= What to work on =
Of the entries below, return exactly those lines that fall between the one containing "由重慶設計集團有限公司市政設" and the one containing "En azul la bañera, en", the two end lines included.

= Stored data =

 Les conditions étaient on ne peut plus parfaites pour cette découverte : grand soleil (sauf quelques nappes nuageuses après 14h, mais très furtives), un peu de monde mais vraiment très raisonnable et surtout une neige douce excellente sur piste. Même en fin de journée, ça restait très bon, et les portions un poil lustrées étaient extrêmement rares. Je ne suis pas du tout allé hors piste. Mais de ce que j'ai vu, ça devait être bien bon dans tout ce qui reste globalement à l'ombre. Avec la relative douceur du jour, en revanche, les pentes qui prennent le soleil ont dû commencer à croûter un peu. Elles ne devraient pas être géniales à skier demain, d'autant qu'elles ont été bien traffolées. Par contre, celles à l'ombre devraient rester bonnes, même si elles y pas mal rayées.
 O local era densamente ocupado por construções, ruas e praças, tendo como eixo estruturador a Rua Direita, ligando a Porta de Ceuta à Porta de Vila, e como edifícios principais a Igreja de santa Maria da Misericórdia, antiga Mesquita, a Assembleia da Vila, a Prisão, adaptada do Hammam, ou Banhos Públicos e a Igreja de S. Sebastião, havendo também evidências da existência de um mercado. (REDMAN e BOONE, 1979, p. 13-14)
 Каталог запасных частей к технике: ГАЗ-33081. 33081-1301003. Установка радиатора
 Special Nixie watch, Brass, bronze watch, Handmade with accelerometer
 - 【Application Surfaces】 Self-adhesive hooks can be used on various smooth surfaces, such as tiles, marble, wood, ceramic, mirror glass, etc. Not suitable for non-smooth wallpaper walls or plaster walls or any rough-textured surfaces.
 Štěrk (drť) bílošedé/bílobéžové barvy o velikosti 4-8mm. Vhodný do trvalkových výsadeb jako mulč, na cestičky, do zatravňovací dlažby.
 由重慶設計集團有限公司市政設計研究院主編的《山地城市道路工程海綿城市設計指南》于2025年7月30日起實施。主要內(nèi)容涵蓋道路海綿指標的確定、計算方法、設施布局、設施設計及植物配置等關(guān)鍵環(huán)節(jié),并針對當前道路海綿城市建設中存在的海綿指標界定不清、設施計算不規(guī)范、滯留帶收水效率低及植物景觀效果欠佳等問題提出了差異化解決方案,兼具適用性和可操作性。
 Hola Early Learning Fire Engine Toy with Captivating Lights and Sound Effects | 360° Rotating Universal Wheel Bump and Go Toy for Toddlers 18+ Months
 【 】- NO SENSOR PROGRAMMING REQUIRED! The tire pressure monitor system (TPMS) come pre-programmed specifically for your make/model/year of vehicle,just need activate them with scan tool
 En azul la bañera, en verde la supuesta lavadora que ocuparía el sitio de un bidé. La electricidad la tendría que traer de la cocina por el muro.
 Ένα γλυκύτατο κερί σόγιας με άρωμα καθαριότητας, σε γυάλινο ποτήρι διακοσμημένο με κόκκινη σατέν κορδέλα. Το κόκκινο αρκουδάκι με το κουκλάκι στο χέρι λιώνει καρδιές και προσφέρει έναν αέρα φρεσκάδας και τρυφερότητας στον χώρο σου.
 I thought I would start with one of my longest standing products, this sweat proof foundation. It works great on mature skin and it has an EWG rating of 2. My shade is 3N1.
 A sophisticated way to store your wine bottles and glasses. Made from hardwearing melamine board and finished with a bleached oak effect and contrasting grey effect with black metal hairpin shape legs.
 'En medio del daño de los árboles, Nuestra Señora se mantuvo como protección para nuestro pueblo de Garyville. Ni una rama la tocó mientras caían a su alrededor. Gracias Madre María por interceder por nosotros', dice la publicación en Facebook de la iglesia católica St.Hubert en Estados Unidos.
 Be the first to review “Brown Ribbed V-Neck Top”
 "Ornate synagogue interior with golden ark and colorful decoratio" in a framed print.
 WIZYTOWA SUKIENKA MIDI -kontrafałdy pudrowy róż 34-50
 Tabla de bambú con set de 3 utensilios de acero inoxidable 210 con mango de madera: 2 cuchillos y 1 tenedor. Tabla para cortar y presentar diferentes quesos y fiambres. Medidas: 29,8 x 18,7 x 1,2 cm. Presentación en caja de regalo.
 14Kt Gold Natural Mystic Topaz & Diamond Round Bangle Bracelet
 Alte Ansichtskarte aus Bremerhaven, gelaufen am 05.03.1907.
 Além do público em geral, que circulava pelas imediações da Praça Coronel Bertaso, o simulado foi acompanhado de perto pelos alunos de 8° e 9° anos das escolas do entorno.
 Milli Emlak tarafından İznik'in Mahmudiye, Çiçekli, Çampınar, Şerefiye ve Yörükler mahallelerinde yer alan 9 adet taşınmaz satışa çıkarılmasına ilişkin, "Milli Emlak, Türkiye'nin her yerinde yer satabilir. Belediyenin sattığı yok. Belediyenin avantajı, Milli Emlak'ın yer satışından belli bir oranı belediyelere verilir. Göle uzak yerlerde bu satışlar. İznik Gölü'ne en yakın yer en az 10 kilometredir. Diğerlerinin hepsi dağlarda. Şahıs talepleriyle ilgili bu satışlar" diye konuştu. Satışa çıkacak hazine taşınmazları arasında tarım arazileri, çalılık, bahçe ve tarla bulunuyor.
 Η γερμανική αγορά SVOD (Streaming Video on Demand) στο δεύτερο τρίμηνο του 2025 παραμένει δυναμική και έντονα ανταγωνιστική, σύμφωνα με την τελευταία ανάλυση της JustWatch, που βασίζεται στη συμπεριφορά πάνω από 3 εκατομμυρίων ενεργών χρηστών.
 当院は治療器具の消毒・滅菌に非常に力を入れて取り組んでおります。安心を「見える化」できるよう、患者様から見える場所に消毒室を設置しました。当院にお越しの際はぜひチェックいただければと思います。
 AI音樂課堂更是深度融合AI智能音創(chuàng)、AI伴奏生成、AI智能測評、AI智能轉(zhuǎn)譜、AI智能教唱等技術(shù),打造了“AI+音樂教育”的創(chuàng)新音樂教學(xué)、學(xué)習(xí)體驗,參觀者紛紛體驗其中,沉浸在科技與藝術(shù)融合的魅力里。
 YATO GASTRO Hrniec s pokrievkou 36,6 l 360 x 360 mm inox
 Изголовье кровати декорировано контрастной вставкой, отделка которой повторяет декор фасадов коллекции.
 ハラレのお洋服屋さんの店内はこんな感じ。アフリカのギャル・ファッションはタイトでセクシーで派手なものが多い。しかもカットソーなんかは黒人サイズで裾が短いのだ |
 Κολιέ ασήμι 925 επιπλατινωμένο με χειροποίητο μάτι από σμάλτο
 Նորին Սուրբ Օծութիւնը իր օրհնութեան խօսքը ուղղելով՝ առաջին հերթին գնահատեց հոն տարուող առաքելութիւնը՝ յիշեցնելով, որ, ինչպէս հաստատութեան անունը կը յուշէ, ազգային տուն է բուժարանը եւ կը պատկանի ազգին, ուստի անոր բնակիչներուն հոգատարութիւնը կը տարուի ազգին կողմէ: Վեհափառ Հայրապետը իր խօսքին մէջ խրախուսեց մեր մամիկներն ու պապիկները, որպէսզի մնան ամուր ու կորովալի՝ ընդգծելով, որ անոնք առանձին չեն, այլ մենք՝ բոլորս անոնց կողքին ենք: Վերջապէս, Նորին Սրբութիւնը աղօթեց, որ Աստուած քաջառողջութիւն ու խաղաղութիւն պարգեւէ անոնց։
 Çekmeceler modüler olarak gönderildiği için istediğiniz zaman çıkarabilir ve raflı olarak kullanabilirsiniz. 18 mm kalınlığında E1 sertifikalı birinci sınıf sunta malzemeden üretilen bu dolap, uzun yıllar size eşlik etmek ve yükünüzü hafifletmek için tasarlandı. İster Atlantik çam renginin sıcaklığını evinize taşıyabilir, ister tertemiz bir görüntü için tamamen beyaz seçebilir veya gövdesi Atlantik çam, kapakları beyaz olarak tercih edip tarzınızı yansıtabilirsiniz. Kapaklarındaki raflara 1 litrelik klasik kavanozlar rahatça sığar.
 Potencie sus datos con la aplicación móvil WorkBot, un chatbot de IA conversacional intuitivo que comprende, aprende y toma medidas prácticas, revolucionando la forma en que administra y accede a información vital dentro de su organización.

= Task response =
 由重慶設計集團有限公司市政設計研究院主編的《山地城市道路工程海綿城市設計指南》于2025年7月30日起實施。主要內(nèi)容涵蓋道路海綿指標的確定、計算方法、設施布局、設施設計及植物配置等關(guān)鍵環(huán)節(jié),并針對當前道路海綿城市建設中存在的海綿指標界定不清、設施計算不規(guī)范、滯留帶收水效率低及植物景觀效果欠佳等問題提出了差異化解決方案,兼具適用性和可操作性。
 Hola Early Learning Fire Engine Toy with Captivating Lights and Sound Effects | 360° Rotating Universal Wheel Bump and Go Toy for Toddlers 18+ Months
 【 】- NO SENSOR PROGRAMMING REQUIRED! The tire pressure monitor system (TPMS) come pre-programmed specifically for your make/model/year of vehicle,just need activate them with scan tool
 En azul la bañera, en verde la supuesta lavadora que ocuparía el sitio de un bidé. La electricidad la tendría que traer de la cocina por el muro.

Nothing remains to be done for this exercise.